“But were you attacked? Did this mysterious person attempt to strike you or anything like that?”
“He didn’t have time. You see I was ready for him with the stick when he opened the door.” Jack was a little discouraged by the lack of interest which the chief displayed. The latter seemed to be preoccupied and quite without sympathy.
“Did this person steal anything?”
“No. There wasn’t much he could have stolen.”
“Then all it amounts to is this: Somebody walked across the deck of your sloop in the early hours of the morning and opened the door of the cabin. You haven’t got much of a case for us to handle, young man.” He smiled, but there was something rather ironical about that smile. “Even if we found this midnight visitor of yours—which I hardly think is likely, as you don’t know what he looks like, and you don’t really know whether it’s a man or a woman—what would you like us to charge him with? Certainly not theft. And you know as well as I do that there isn’t anything so very peculiar about a man walking across the deck of another man’s boat, whatever the time of day or night. I’ve done it myself, dozens of times. Sometimes one has to, to get ashore.”

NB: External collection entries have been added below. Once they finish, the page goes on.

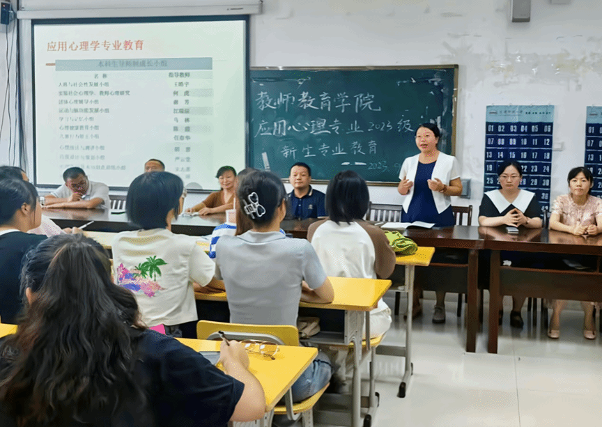 在J305教室开展2023级应用心理学新生见面会。学院副院长王皓宇、应用心理学教研室主任宋志英及应心专业课老师出席本次会议,2023级新生辅导员姚强诚担任主持。
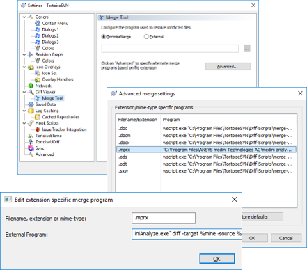 This feature fosters the integration of medini as compare and merge tool using arbitrary Revision Control Systems (RCS) as for example Subversion or Git, hat support a CLI based integration.
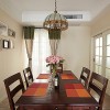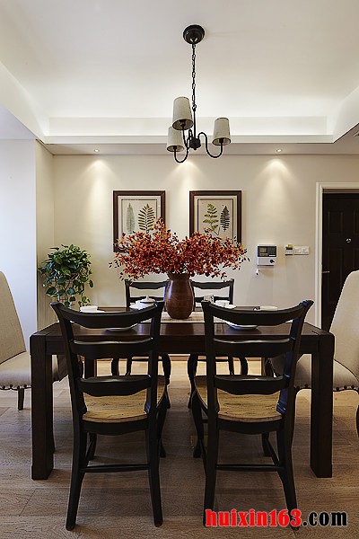 本套餐厅装饰中空间内的色彩搭配比较平淡,这样的设计可以将吊灯以及家具的款式衬托的更加惊艳,铁艺吊灯的设计搭配上实木材质的家具,整体的搭配效果可以带给人们一种十分惊艳的感觉。
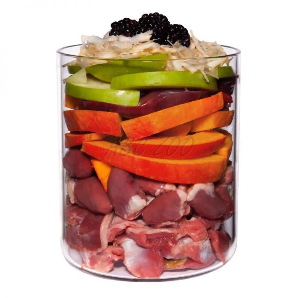 Zloženie: Kuracie mäso 49 % (kuracie žalúdky 26 %, kuracie srdce 15 %, kuracia svalovina 4 %, kuracia koža 2 %, kuracia pečeň 2 %), vývar 23 %, tekvica 12 %, jablko 6 %, černice 2 %, minerály 1 %*, kokosová múka, paštrnák 0,8 %*, repkový olej, tekvicová múka, pivovarské kvasnice*, psyllium*, harmanček*, šípkové šupky*, ustricová škrupina*, púpava 0,1 %*, andská soľ, minerálny íl*, spirulina*
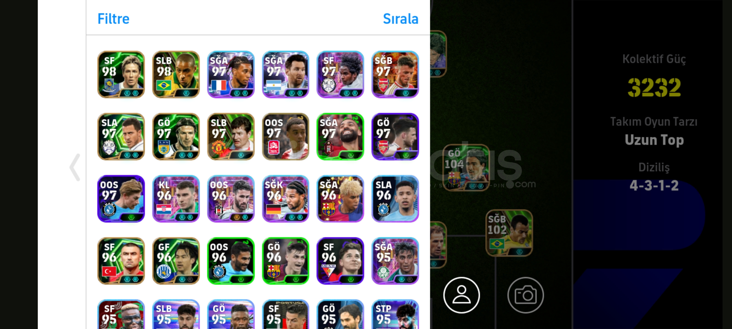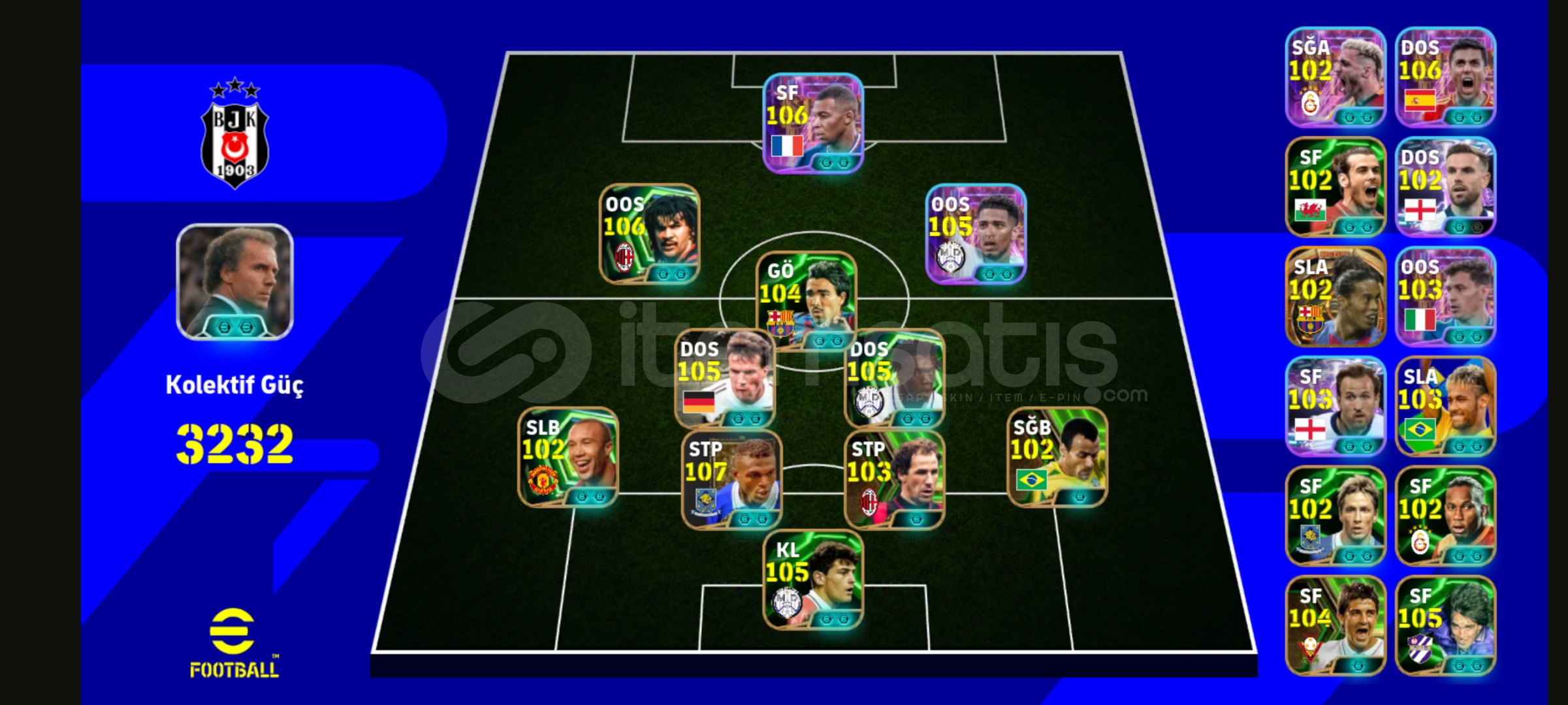 Hesapta 5 tane bombacı bulunmaktaMbappe⭐⭐Burak yılmaz ⭐Olise⭐Bale⭐Rafa Silva⭐Bazı oyuncularMbappe⭐⭐Seedorf(yer füzlei)⭐⭐Gulit⭐Rodri⭐Casillas⭐Matthaus⭐Deco⭐Bellingham⭐Desailly⭐Barïs Alper yılmaz⭐Nicolo barella⭐Baersi⭐Cafu⭐Roberto carlos⭐5 özel menajerPazarlık olur sadece yazınBağlar Temiz değ...
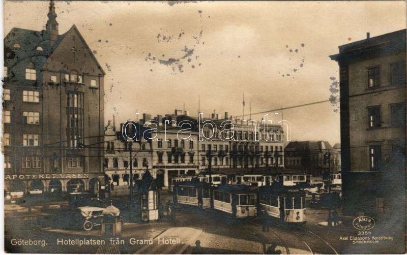 Göteborg, Gothenburg; Hotellplatsen fran Grand Hotell / square, hotel,... https://www.darabanth.com/hu/473-Gyorsarveres/473.0/Kepeslapok/Svedorszag~2000114/Goteborg-Gothenburg-Hotellplatsen-fran-Grand-Hotell-square-hotel-trams-pharmacy-fl~II3206076
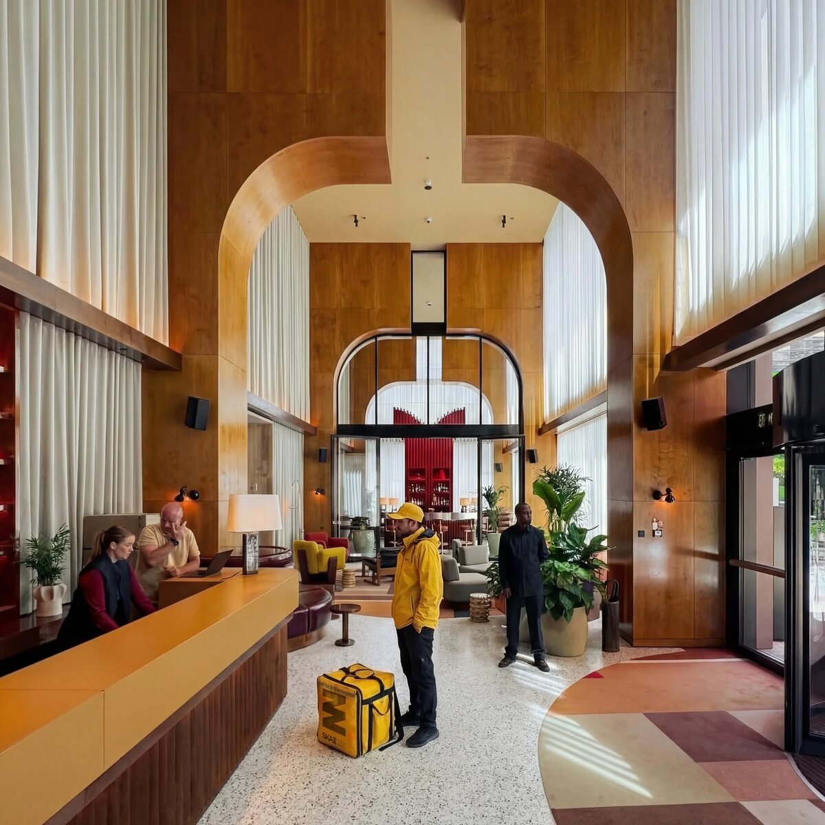 Ещё пять лет назад сама формулировка звучала бы странно: «зона для курьеров в лобби пятизвёздочного отеля».
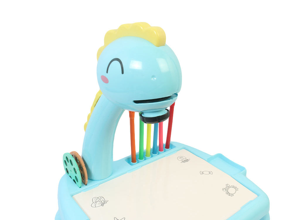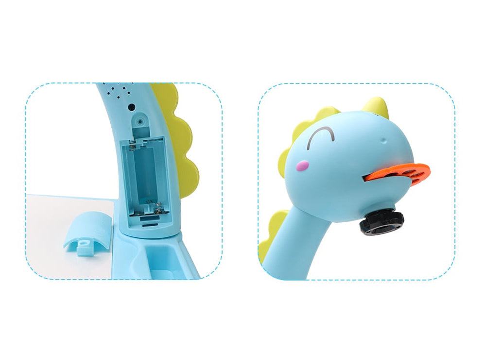 Le projecteur a la forme d'un adorable dinosaure bleu, ce qui fait que les enfants l 'aimeront tout de suite. Il est doté d'une tête mobile qui abrite le projecteur.
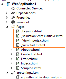 Next, we will quickly look at a few of the files which are added by default under a Pages folder with some pre-specified lines of code.
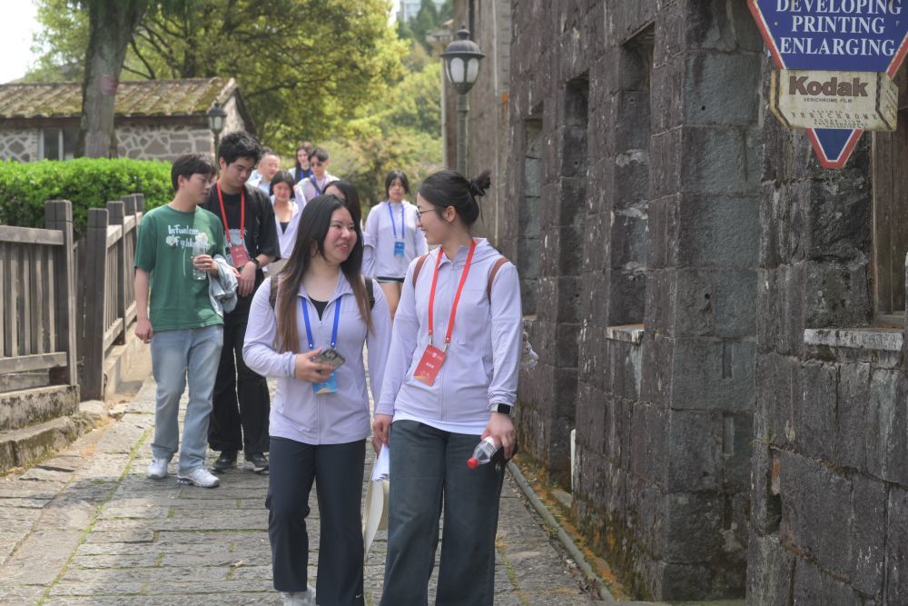 3月25日,福州大学外国语学院学生(前右)与美国太平洋大学学生(前左)在福州鼓岭老街漫步交流。
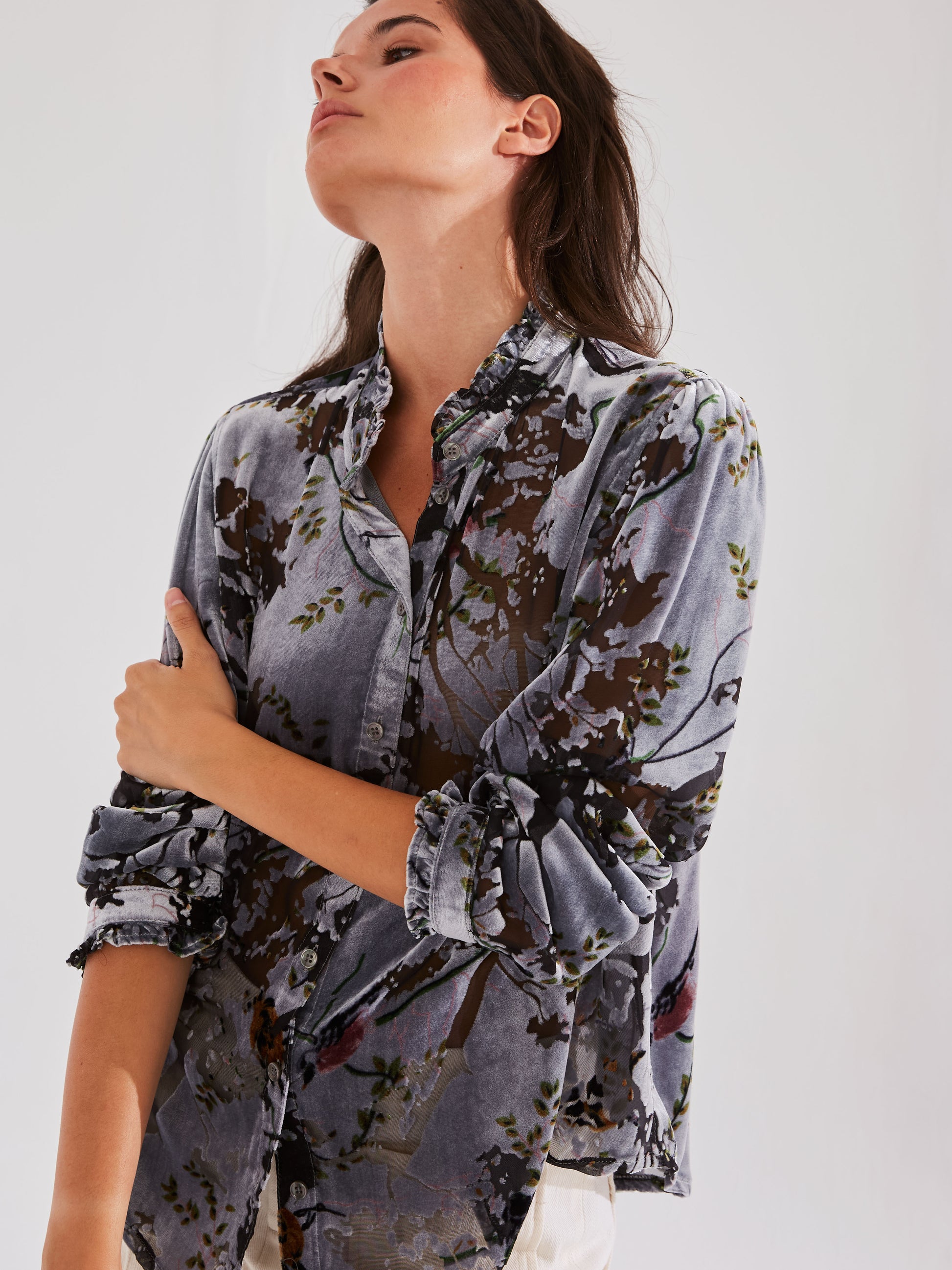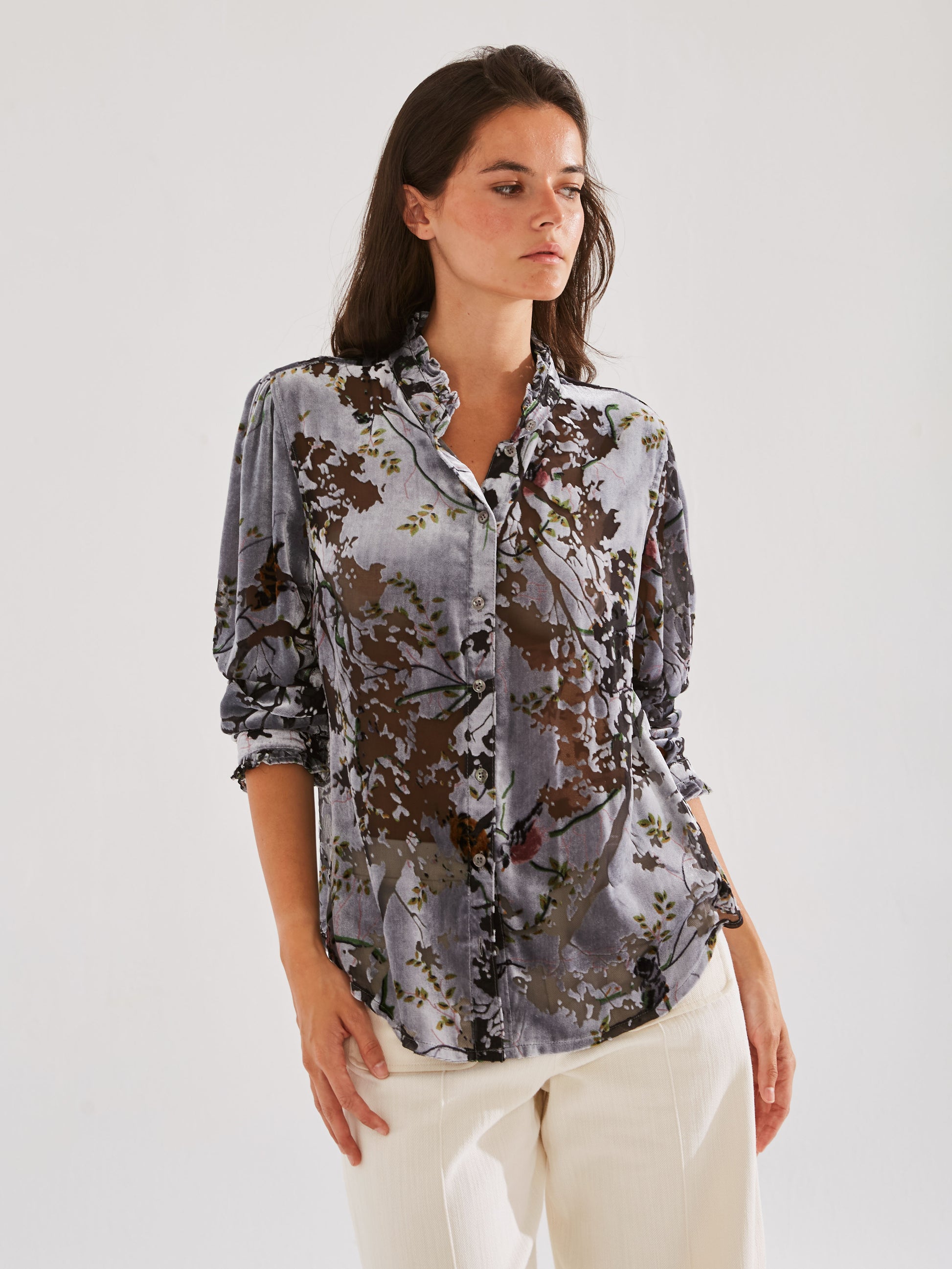 Camisa de terciopelo labrado de seda, con cuello maho y mangas fruncidas.

“But he opened the door of the cabin.”
The chief shrugged.
“Well, what of it?” he queried. “It may have been some sailor or fisherman who was curious to see what it looked like inside. Or, again, it may have been some one who was looking for a place to sleep for an hour or two, and he never dreamed there was any one aboard.”
“It doesn’t sound very much, if you look at it like that, does it?” Jack said, nonplussed by the cold and logical attitude of the chief. “But I thought we ought to come up and let you know.”
“That’s all right,” replied the official. “But I guess there’s nothing to be alarmed about.”